Bisher galten Esken und Walter-Borjans eher als Widersacher von Scholz

Tatsächlich setzten sich Esken und Walter-Borjans bis vor kurzer Zeit eher als Widersacher von Scholz in Szene. Nachdem sich das Duo, das dem linken SPD-Spektrum zugerechnet wird, 2019 bei der Wahl des Parteivorsitzenden auch gegen den Finanzminister durchgesetzt hatte, wurde gar über einen umfassenden Rückzug von Scholz aus der Bundespolitik spekuliert. Doch der heute 62-Jährige blieb und arbeitete meist reibungslos mit seinen Ministerkollegen aus der Union zusammen. Ein Umstand, der bis heute von Vertretern des linken Parteiflügels mit Argusaugen verfolgt wird.
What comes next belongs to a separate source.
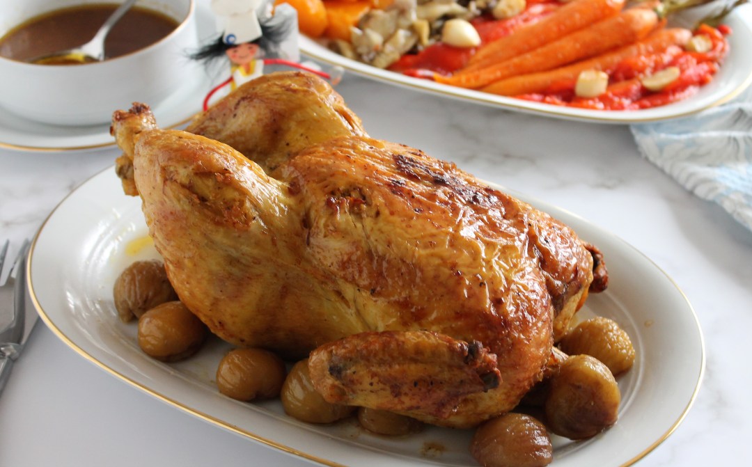 Necesitas: 1 pollo (sin trocear) de 1 kilo y medio, más o menos1 limónAceite de olivaSal y pimienta Para la guarnición — optativo—: Castañas 200 g castañas1 vaso de leche1 ramita de hinojo (el "fiuncho" de toda la vida, en mi tierra ) Hortalizas — puedes sustituirlas por las que más te gusten o tengas … Sigue leyendo Pollo asado al horno, receta fácil e infalible

Während Esken und Walter-Borjans Scholz am Montagnachmittag bei einer Pressekonferenz zur Kandidatenkür demonstrativ in die Mitte nahmen, reagierte die SPD-Linke Hilde Mattheis mit schroffer Ablehnung. „Ich kann die Entscheidung des Parteivorstands für Olaf Scholz als Kanzlerkandidat nicht nachvollziehen. Das Rezept der vergangenen Jahre, im Milieu der konservativen und liberalen Wähler zu fischen, wird auch dieses Mal nicht aufgehen“, sagte die Ulmer Politikerin unserer Redaktion. So hart ging allerdings sonst kaum ein Sozialdemokrat mit der Personalie Scholz ins Gericht. Im Gegenteil, es gab am Montag fast durchweg Zustimmung für die Kandidatur.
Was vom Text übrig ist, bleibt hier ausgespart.